A year down the line, there has been no reports of men turning into women in droves because the Katiba allows it.
As one wag put then, women were denied those rights under the old Constitution, but only because their husbands were either too drunk or too busy looking for money or chasing other skirts. Naturally, proponents of the ‘No" vote had not figured that out.
At the same rally, a polygamous MP swore that the proposed Constitution was bad because it empowered women to refuse to cook for their husbands or something equally inane.
Campaigns
Somehow, it escaped his notice that women have been refusing to cook for their husbands since my grandfather’s days. It had everything to do with domestic cold war, not constitutions, but of course he wasn’t going to mention that.
The only saving grace is, that crowd at Muliro Gardens, perhaps fired by the spirit of the fiery and rebel politician in whose name the gardens are named, firmly shouted the politicians down and told them to take a hike because they were lying. Of course they were.
Many things were said about abortion. As a matter of fact, the Church is still enraged about some innocuous clause that could sneak abortion into the Constitution were a clever lawyer to put his or her mind to it.
Barely a week ago, the Catholic Archbishop issued a firm statement there is absolutely no way his Church was going to negotiate over abortion.
But the fact remains that women have been aborting since Biblical times. And they will continue so long as the same quarters are opposed to family planning (Only a celibate priest can dream that withdrawal is a family planning method). Perhaps, abortion will only stop when the world ends – and you can’t even be sure about that, but not because a group of men sit down at a table and scribble a small law.
So as campaigns gear up – they began in 2008 – politicians will feed Kenyans with similar tales.
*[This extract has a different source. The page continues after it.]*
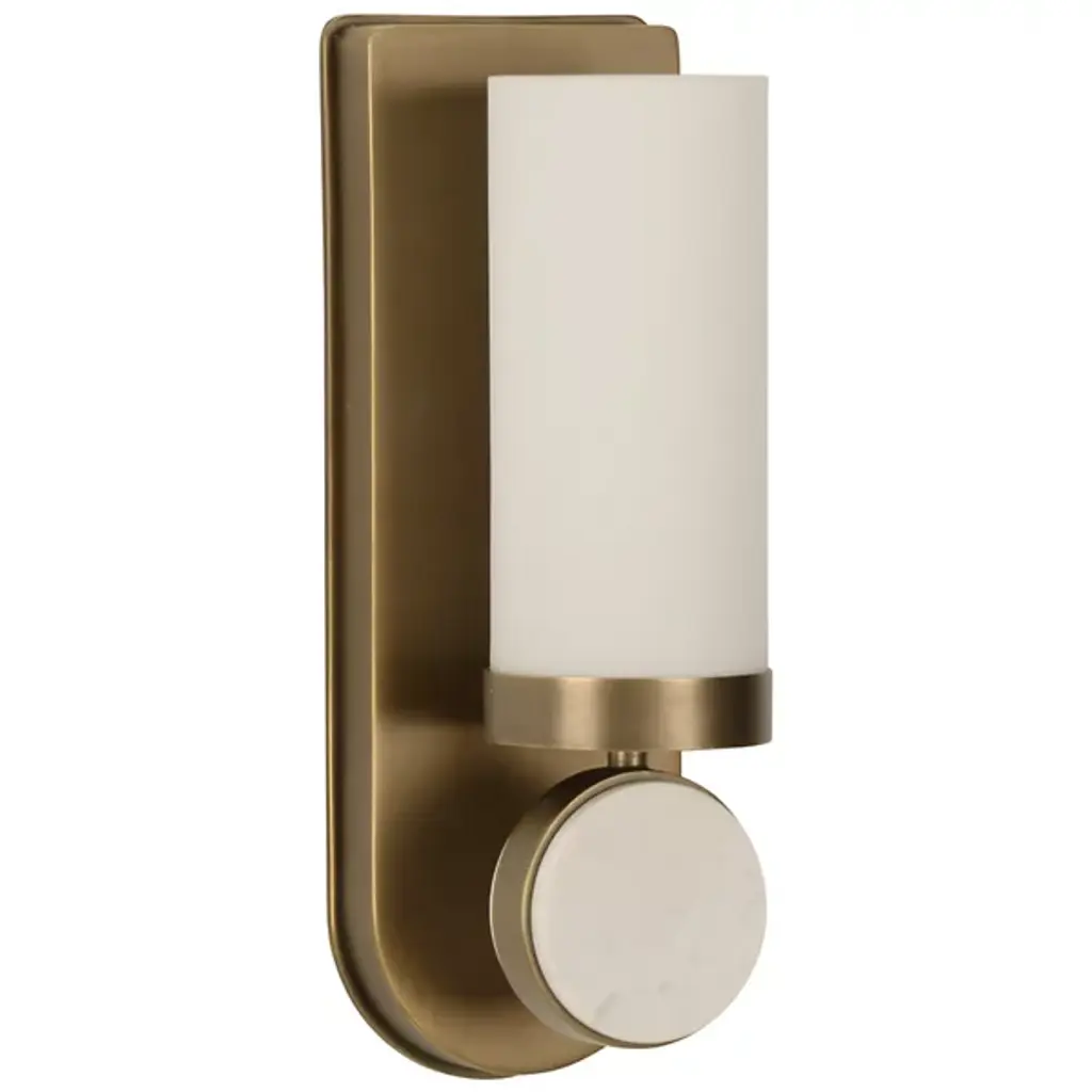 The Emmons Wall Sconce from Wildwood embodies elegance, designed to complement any space, style, or era. Its blend of materials—metal, glass, and honed Carrera marble—creates a visually striking statement. Two honed Carrera marble spheres frame the central glass column, adding a refined touch. Versatile in placement, this sconce can be installed vertically or horizontally, making it ideal for flanking bathroom vanities or accenting hallways. Damp-rated for durability, it offers both style and functionality with enduring appeal.
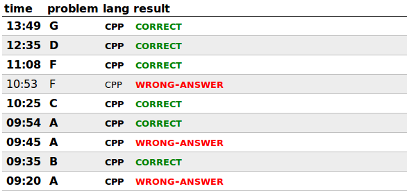 今天主要是中间卡题导致E没时间写完,其中E想题的时候没注意数据范围其实是比较小的,可以花式暴力搞,这个要注意一下以后讲题要把数据范围的特点也说清楚一下

Much of the sloganeering from the political podium will be bereft of the slightest measure of intellect, or truth, but it will be met by singing, dancing and the stoning and murder of political enemies.
Money – a hell lot of it – will be poured. Writers will earn millions writing moribund party manifestos. Politicians will shout themselves hoarse. But at the end of the day, only the best liar will win.
 
Stealing to export coffee berries
The coffee boom is back but in a strange way. Those, whose eyes were open in the 1970s, the golden era when contraband coffee was the pillar of the Kenyan economy, will remember the heady days when Busia town and its environs were like Las Vegas.
Hotel and bar owners did roaring business. Money flowed like milk and those with the loot washed their hands with beer. For real. One sleepy market centre called Chepkube even had a song dedicated in its owner – Chepkube, the market of smugglers.
The only difference then was that coffee was smuggled in from Uganda because the then Pariah state could not access the global market. But now the tables have been turned. We are now stealing our own coffee and smuggling it across the border to Uganda.
The trade must be quite lucrative because we are ready to kill people in the process of stealing the red berries that make a beverage that the Kenyans who grow them don’t drink.
Urban jungles
I have no idea why coffee prices should be better in Uganda and I don’t care. What disturbs me is that we are busy turning coffee estates in Kiambu into urban jungles and mega cities, forgetting we need coffee as well.
And its not just coffee that we are stealing. Villagers no longer use their granaries. Instead, the maize is dried and stored in bedrooms, next to bows and arrows. Maize is even stolen from the cob, right in the field. We’ve been stealing cattle for ages. Now we have diversified to sugarcane poaching. The only reasonable conclusion to be made from this is that we are a nation that eats, but won’t soil its hands farming.